ANY PENN TEAM that wins a championship by beating Princeton 39-4 has a soft spot in my heart. But it’s not difficult these days to whip up enthusiasm about men’s wrestling at Penn. The team has now notched three Ivy championships in a row, has won four in the 1990s, and has captured for the third straight year the Eastern Intercollegiate Wrestling Association (EIWA) championships against some very tough competition. 
   The coach of the team, Roger Reina, C’84, has just completed his 12th year as head of the program. Reina was a four-year starter when he wrestled at Penn, was All-Ivy, and the team captain in his senior year. Clearly, the program is cooking, as Penn finished the season ranked first in the East. But ask Coach Reina about this year’s squad and one of the first things he talks about is academics in relation to sports. 
   “The academic success of our student athletes must be stressed,” Reina says. “We have had many Class of ’15 Award winners — Clint Matter [W’97, C’97], last year — and many Academic All-Americans and NCAA post-graduate scholarship winners. This is the fourth year in a row that our team has been nationally-ranked, and in the top 10 of all teams nationally in terms of GPA. Penn offers the highest level of wrestling and academics anywhere in the U.S. This is what we’re about.” 
   The ease with which Penn won the Ivy championship indicates that Reina knows what he’s talking about.
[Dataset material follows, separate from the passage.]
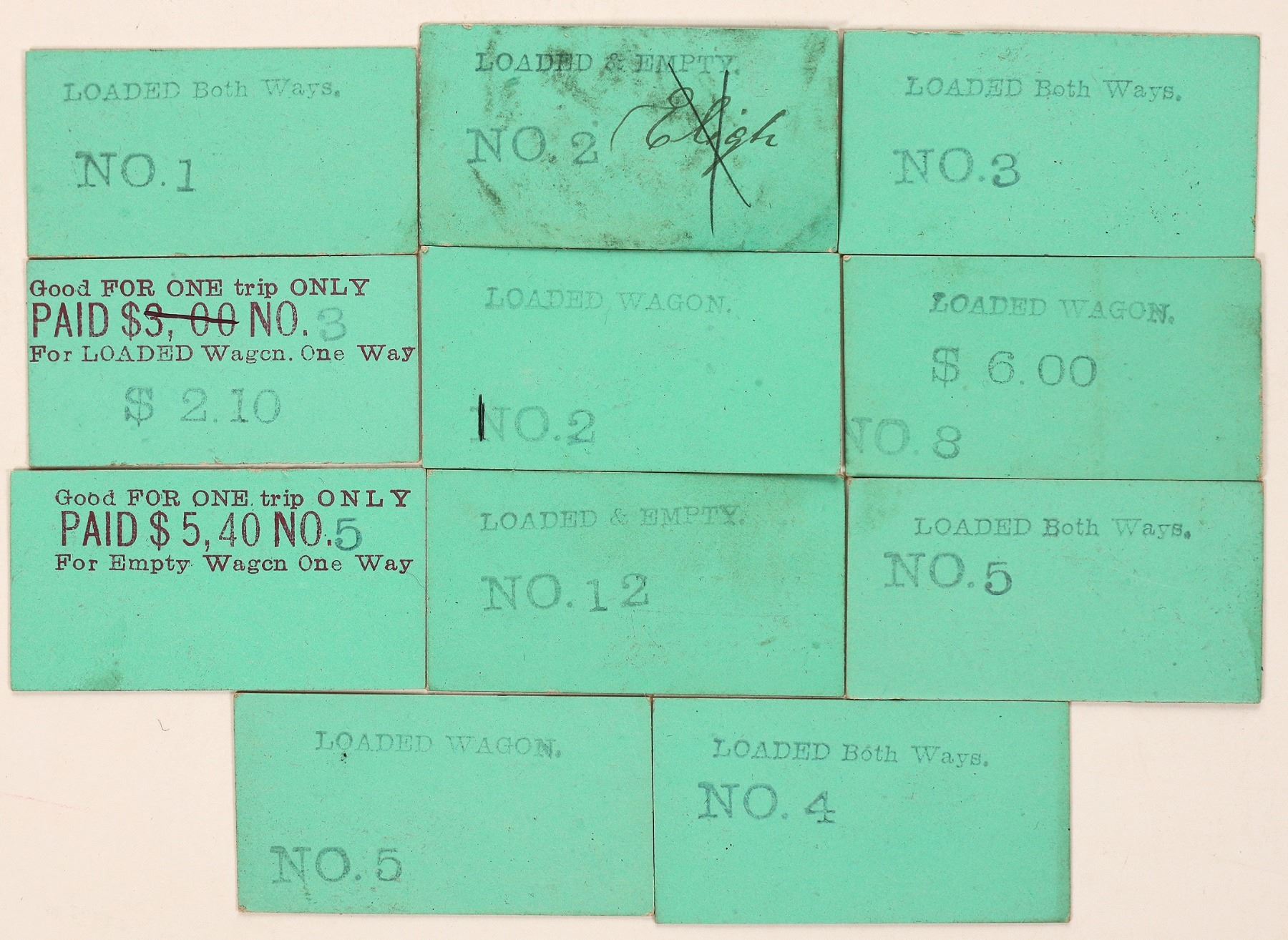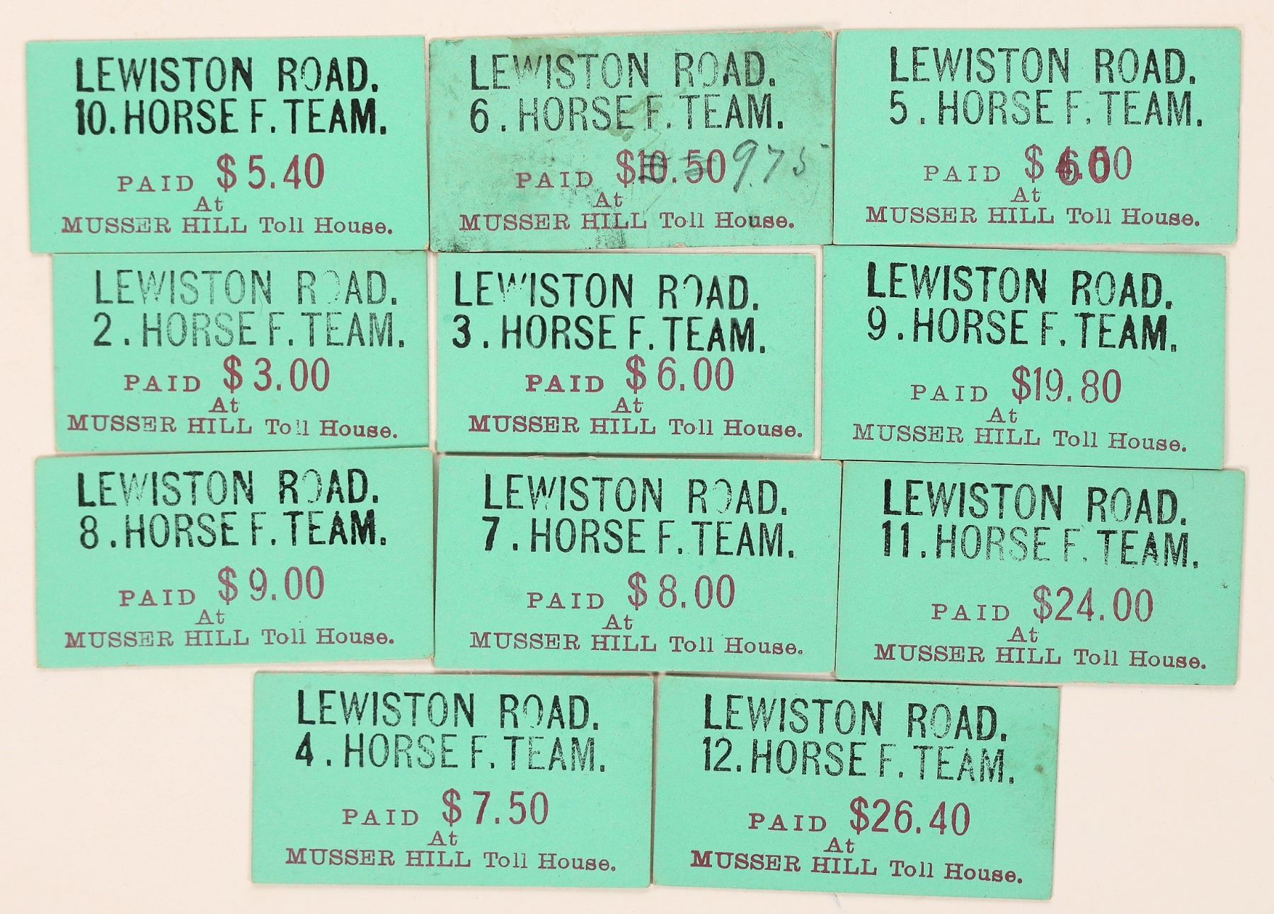 Lot of 11: Green Tickets. Lewiston Road and Musser Hill Toll House. Good Condition. Horse Team. (11) from $3-$20.

Ranked 15th nationally at the start of the season (which improved to 13th by the end of the regular season), Penn (14-3, 5-0) won against Princeton with half of Penn’s regular starters sitting out. (Among them was junior Andrei Rodzianko, a management and technology major with a 3.95 grade point average, who needed to prepare for a midterm.) Penn dropped only one bout to the Tigers — Randall Braunfeld’s 126-lb match, in which Braunfeld wrestled above his normal weight of 118 pounds. 
   Junior Jason Nagle started the match with a 15-2 victory. Braunfeld then lost his bout, but Mark Piotrowsky (134 lb) regained the momentum for Penn with a pin in only 2:51. 
   Sophomore Jonathan Gough then won the day’s closest match with an 11-10 score. Gough competed at 142 lb in place of freshman Yoshi Nakamura (ranked 15th nationally), who was still bothered by an injury. The Quakers won the rest of their matches, highlighted by pins by freshman Rick Springman (150 lb) — this year’s Ivy Rookie of the Year — and senior Joe Malachowski (190 lb). For Malachowski, the victory meant more than six team points. He ended his Penn dual-meet career with a pin in just 1:28. “It’s always good to leave on a high note,” Malachowski said. “And a pin is the best way to do that.” 
   This season’s only losses have come against top-ranked Oklahoma State, second-ranked Iowa, and ninth-ranked West Virginia. But even after winning the Ivy championship, the team still had to encounter all its top Ivy foes — Harvard, Cornell, and Brown, in addition to Eastern powers Lehigh, Army, and Navy at the EIWA Championship. To add to the challenge, the EIWAs were held at Lehigh, home of a traditional wrestling powerhouse and, in the understated words of Coach Reina, “not a friendly place” for Penn wrestlers. 
   Nonetheless, Penn triumphed. Seniors Brandon Slay (1997 All-American and NCAA finalist) and Steve Walker led the way with individual championships. Slay defeated Ed Mosley of Harvard in the 167-lb final, 6-5. Walker captured the 126-lb title by edging Cornell’s Nate Rupp, 6-4, in sudden-death overtime 
   Slay, who received the Fletcher Award for most career points scored, compiled a 26-5 record in his senior season and is ranked third in the Amateur Wrestling News individual rankings. He has a 107-24 career record and is Penn’s all-time winningest wrestler. Walker, meanwhile, has wrestled to a 26-6 record this season. 
   Penn scored 136.50 points as a squad and had five wrestlers reach the finals and qualify to wrestle in the NCAA Championships, held March 19-21 at Cleveland State. Slay finished second in the NCAA competition. 
   If all of this sounds like a lot of hard work and dedication by student athletes, it is. “During the season we train two hours each afternoon, and one or two mornings per week, with at least one day off per week,” Reina says. (Penn’s home matches are held at the Palestra, where a crowd of 1,800 turned out for the Lehigh match this year.) “It’s very tough training, and requires a great deal of commitment. Off season we concentrate on strength-training and technical improvements. Some of our best athletes wrestle internationally. Brandon Slay went to Europe and several trained at the Olympic Training center last summer.” 
   Reina notes that the team started six athletes for their first season this year, which resulted in some “growing pains” early on. “We wanted to keep our goals just as high, despite the younger group,” he says. “They worked hard, began competing better, and overcame much pressure and doubt. I am extremely proud of each and every one of them, on and off the mat!” 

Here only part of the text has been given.